[SPARK-14485][CORE] ignore task finished for executor lost and removed by driver

Now, when executor is removed by driver with heartbeats timeout, driver will re-queue the task on this executor and send a kill command to cluster to kill this executor. But, in a situation, the running task of this executor is finished and return result to driver before this executor killed by kill command sent by driver. At this situation, driver will accept the task finished event and ignore speculative task and re-queued task. But, as we know, this executor has removed by driver, the result of this finished task can not save in driver because the BlockManagerId has also removed from BlockManagerMaster by driver. So, the result data of this stage is not complete, and then, it will cause fetch failure. For more details, [link to jira issues SPARK-14485](https://issues.apache.org/jira/browse/SPARK-14485) This PR introduce a mechanism to ignore this kind of task finished.

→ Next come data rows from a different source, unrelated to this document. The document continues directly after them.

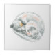 Diese dekorative Kachel zeichnet sich durch eine handgezeichnete Lebenszeichnung einer sehr gemütlichen Schlafkatze aus. Kunstwerk: Farbstift auf Papier. Copyright: Dominic A. White. Alle Rechte vorbehalten.
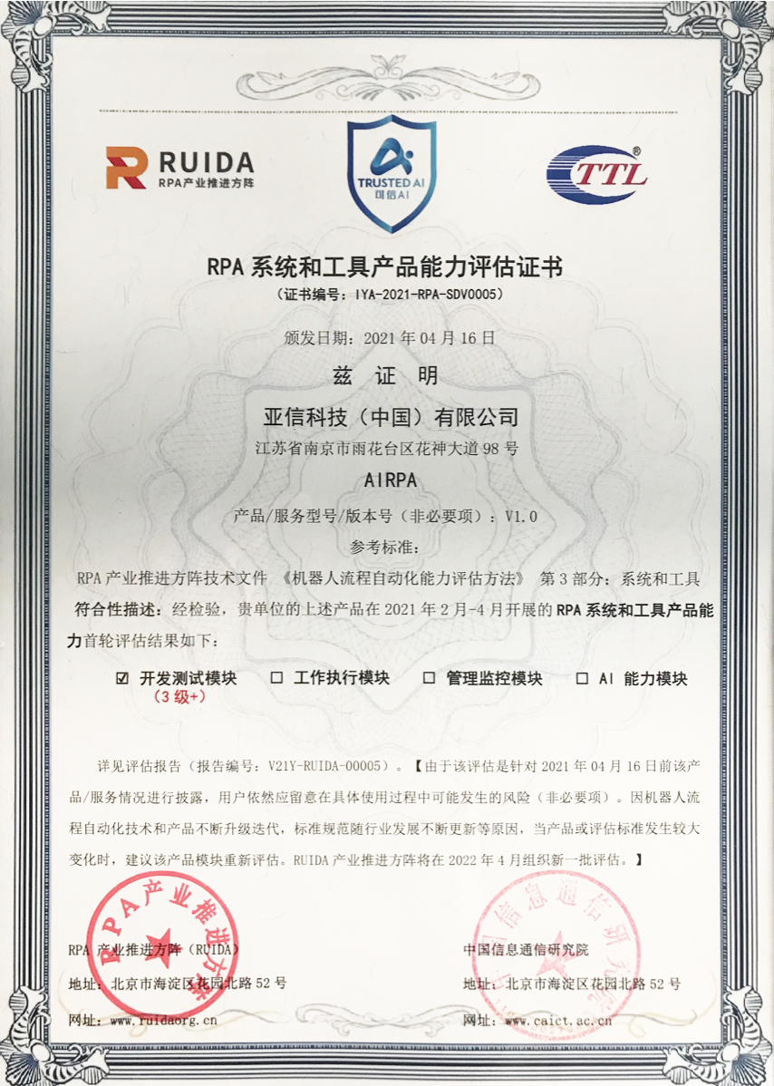 2021年4月 304am永利集团AIRPA产品获“RPA系统和工具产品能力评估证书
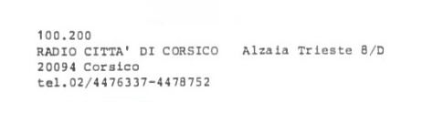 Emittente di Corsico che sul finire degli anni 70 trasmetteva sui 100.200 mhz.
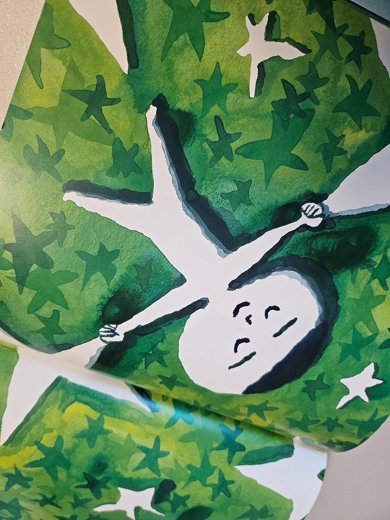 두 팔 크게 벌리고 누운 풀밭 초록별들처럼 아이도 두 팔 벌려 눕는다. 그랬더니 초록별들과 손 잡고 별자리가 되었다. 아이의 편안한 마음이 내게도 전달된다. 이 장면을 보며 나도 아이처럼 초록별밭에 누워 '와, 기분 좋아'라고 말하고 졌다. 독자의 그런 마음을 예상한 작가는 다음 페이지에 친구들이 다가와서 아이 곁에 눕게 한다. 그렇게 초록별이 하나씩 늘어가고 별의 아이들은 하나의 별자리가 된다.
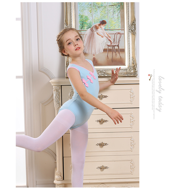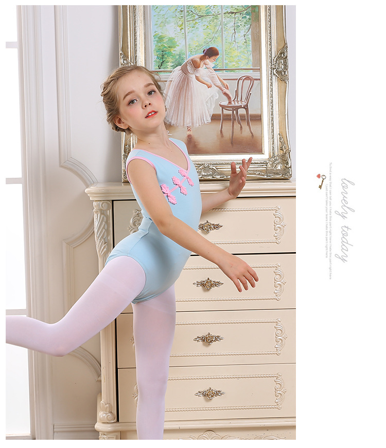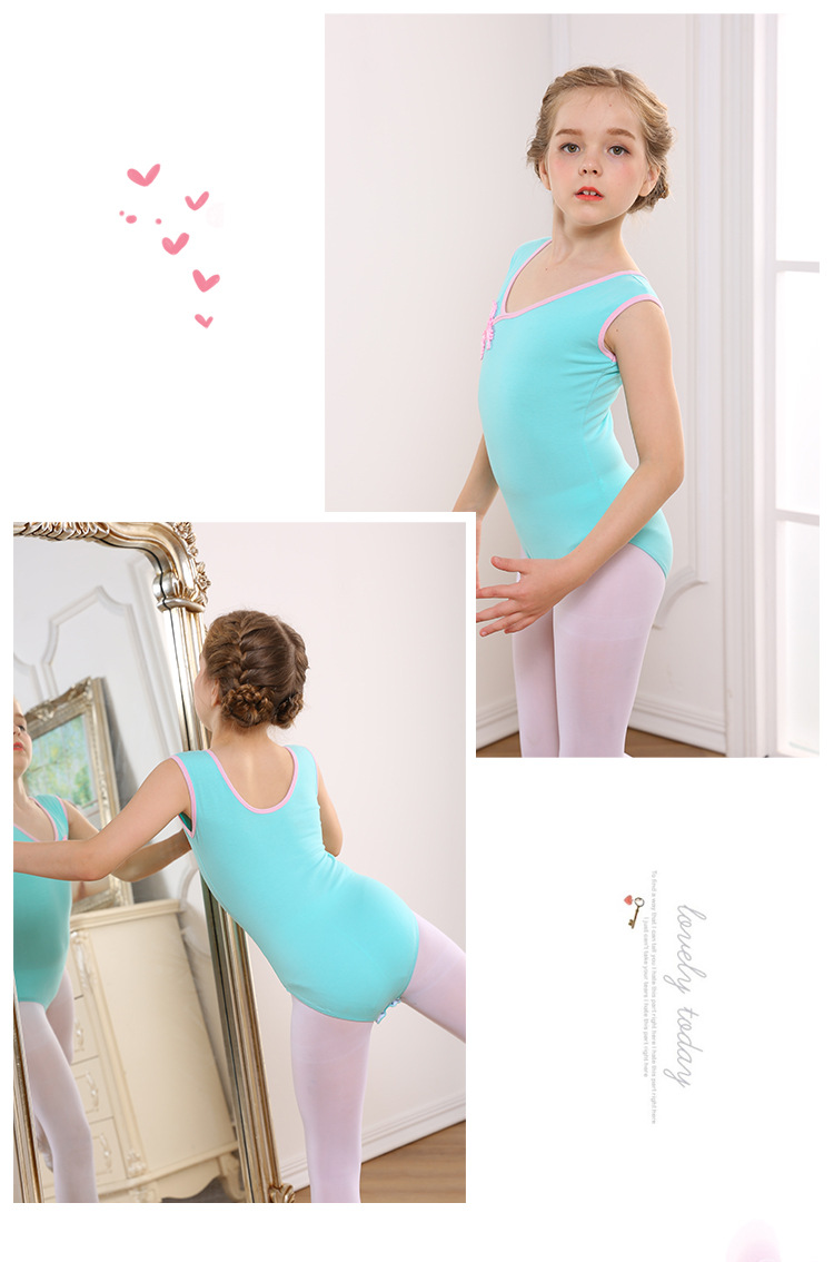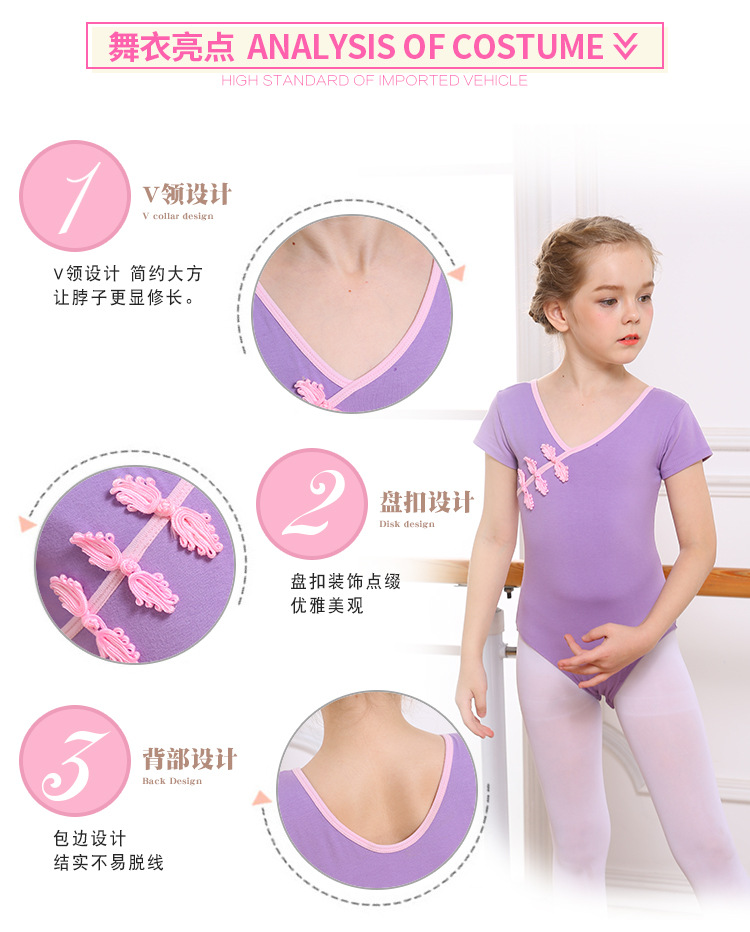 아동용 댄스 의상, 여아 연습복, 여아 여름 반팔 댄스 의상, 중국 무용 민속 무용 연습복

N/A Author: zhonghaihua <793507405@qq.com> Closes #12258 from zhonghaihua/ignoreTaskFinishForExecutorLostAndRemovedByDriver.
author: zhonghaihua <793507405@qq.com> 2016-06-07 16:30:58 -0700
committer: Marcelo Vanzin <vanzin@cloudera.com> 2016-06-07 16:32:27 -0700
commit: 695dbc816a6d70289abeb145cb62ff4e62b3f49b (patch)
tree: 1fffdbbd8e45abcc918688b580da4a00c62dea2b /core
parent: 6ecedf39b44c9acd58cdddf1a31cf11e8e24428c (diff)
download: spark-695dbc816a6d70289abeb145cb62ff4e62b3f49b.tar.gz
spark-695dbc816a6d70289abeb145cb62ff4e62b3f49b.tar.bz2
spark-695dbc816a6d70289abeb145cb62ff4e62b3f49b.zip
1 files changed, 13 insertions, 1 deletions
diff --git a/core/src/main/scala/org/apache/spark/scheduler/TaskSchedulerImpl.scala b/core/src/main/scala/org/apache/spark/scheduler/TaskSchedulerImpl.scala
index c3adc28685..8e1d957568 100644
--- a/core/src/main/scala/org/apache/spark/scheduler/TaskSchedulerImpl.scala
+++ b/core/src/main/scala/org/apache/spark/scheduler/TaskSchedulerImpl.scala
@@ -352,9 +352,11 @@ private[spark] class TaskSchedulerImpl(
         }
         taskIdToTaskSetManager.get(tid) match {
           case Some(taskSet) =>
+            var executorId: String = null
             if (TaskState.isFinished(state)) {
               taskIdToTaskSetManager.remove(tid)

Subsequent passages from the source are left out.